Дьягус посмотрел на Торио, скользнул взглядом по оружию в руках его людей. Губы вождя искривила усмешка.
— Что это ты, Торио? — спросил он. — Почему кричишь? А ты, Осва? Зачем взял палку? Боги запретили нам входить в Реку, ибо она есть зло. Боги сказали нам отдавать Реке своих мертвецов. Или вы хотите пойти против богов и взять зло в обличии младенца?
Тот, кого звали Осва, опустил палку и неуверенно взглянул на Торио.
— Ты лжёшь нам! — отчётливо произнёс Торио и, вскинув голову, обвёл островитян горящими от гнева глазами: — Он лжёт нам! Расскажи нам, Дьягус, как ты нарушил запрет богов и вошёл в Реку!
Соплеменники удивлённо воззрились на вождя.
— Что ты несёшь? — взвился он.
— Я видел, как ты заходил в Реку и встречался между стенами с Великим Хранителем Элсара, — сказал Торио. — Это случилось после того, как мы нашли в пещерах залежи огневиков. Потом был праздник, после которого все быстро и странно уснули. Все, кроме меня и Гомона. (Он указал на воинственно сжавшего в кулаке большой камень островитянина). Мы в тот день отказались пить и видели, как ты…
Один из островитян, что защищали Дьягуса, сбросил хламиду и остался в одной набедренной повязке; в руках у него оказалась спрятанная под хламидой цепь с тяжёлым шаром на конце. Островитянин завертел ею так, что она со свистом разрезала воздух. Торио отшатнулся назад. Гомон не успел увернуться, и тяжёлый шар тут же с глухим стуком ударил его по шее. Островитянин рухнул, как подкошенный, и больше не шевелился. По камням потекла кровь. Это послужило сигналом к драке. Со всех сторон раздались крики:
— Бей предателей!
— Бей мятежников!
И мужчины, и женщины сшиблись в кучу, в воздухе замелькали палки, камни, раздались стоны боли.

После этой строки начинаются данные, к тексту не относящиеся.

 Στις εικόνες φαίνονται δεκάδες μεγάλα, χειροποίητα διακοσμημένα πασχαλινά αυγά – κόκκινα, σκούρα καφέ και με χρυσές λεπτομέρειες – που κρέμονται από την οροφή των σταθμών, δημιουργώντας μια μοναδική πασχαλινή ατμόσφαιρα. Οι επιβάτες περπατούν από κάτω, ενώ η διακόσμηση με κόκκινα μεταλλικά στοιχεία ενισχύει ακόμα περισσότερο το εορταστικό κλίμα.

Пользуясь общей сумятицей, Олына побежала с корзиной в пещеру. Жена Торио по имени Ханя несколько дней назад родила мёртвого ребёнка. С тех пор она не выходила из пещеры, лежала, отвернувшись к стене, оказывалась от еды и только изредка издавала звуки, похожие на звериное рычание. К ней-то и понесла Олына младенца: он голоден, а у Хани ещё не должно полностью перегореть молоко. Девочка в корзине перестала плакать и смотрела на Олыну большущими глазищами — будто понимала, что происходит.

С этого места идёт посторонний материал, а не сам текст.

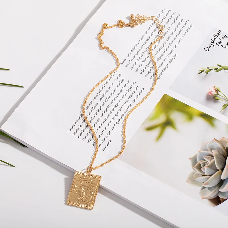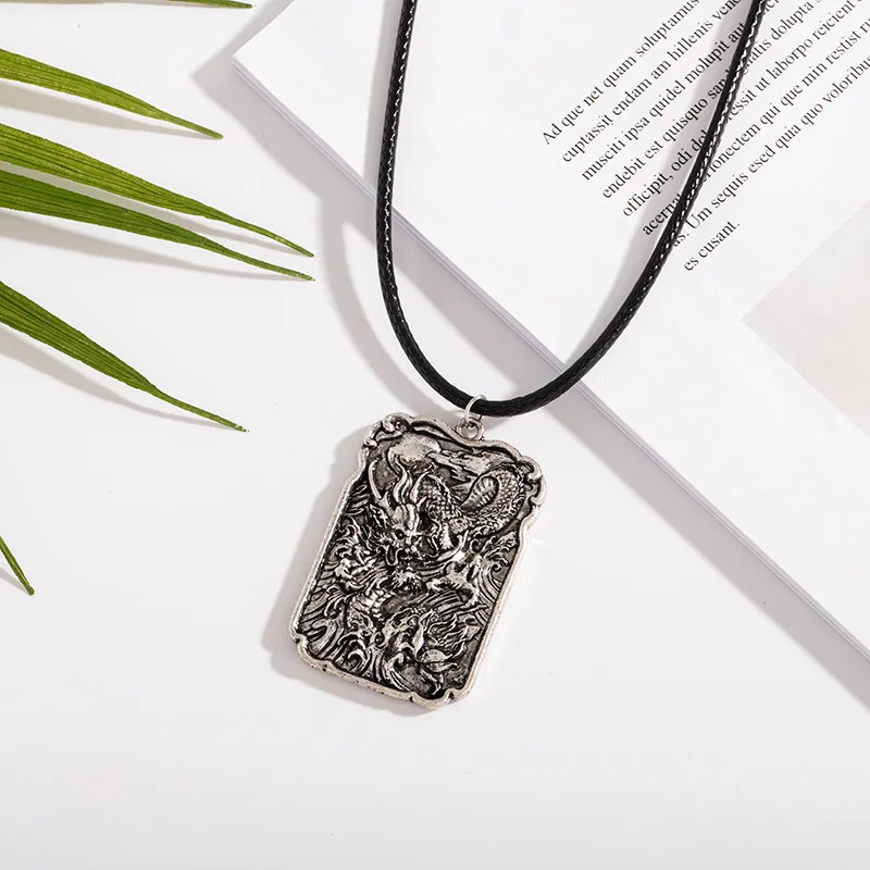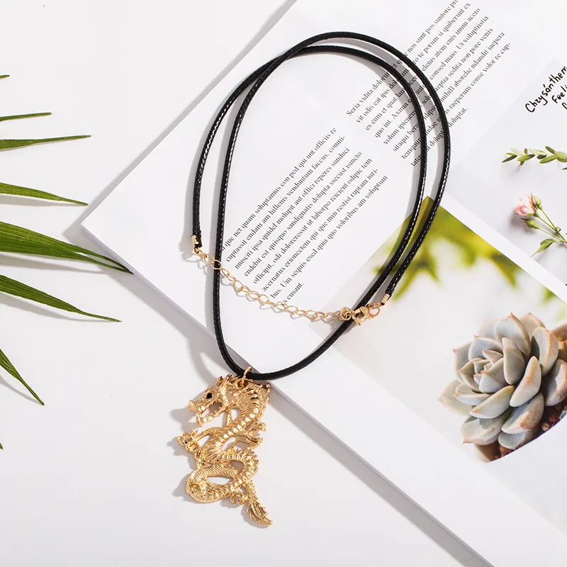 Gold Chain Chinese Dragon Animal Men Pendant Choker Necklace Korean Fashion Black Cord Jewelry Minimalist Minimalism Accessories

— Скоро мы тебя покормим, — сказала ей островитянка. — Ты у нас вырастешь сильной и крепкой.
Зайдя в закуток, где жила Ханя, женщина остановилась, давая глазам привыкнуть к полумраку. В пещере висел тяжелый смрад: смесь из запахов людей, пропавшей еды и газов, выбрасываемых из расщелин в камнях. У стены лежала куча тряпья. Не выпуская из рук корзину, Олына подошла к куче и тронула её рукой. Ощутила костлявое плечо человека.
— Ханя, — тихо сказала она.
Женщина не ответила, только дёрнула плечом, пытаясь скинуть её руку. Олына покусала губу, не зная, как продолжить разговор. С улицы доносились крики островитян, кто-то истошно вопил от боли. Но Ханя всего этого не слышала, погружённая в своё горе.
Неожиданно девочка в корзине захныкала. Тихонько, жалобно. Куча тряпья вздрогнула — Ханя резко развернулась и уставилась на корзину дикими глазами.
— Её принесла Река, — глухо сказала Олына. — Тебе, мне, всем. Взамен наших умерших.
Ханя молчала, только ноздри раздувались, когда она принюхивалась к запаху младенца.
Олына протянула руку и сквозь одежду ощупала её груди. Твёрдые, как камни, налившиеся молоком. Ханя сморщилась от боли.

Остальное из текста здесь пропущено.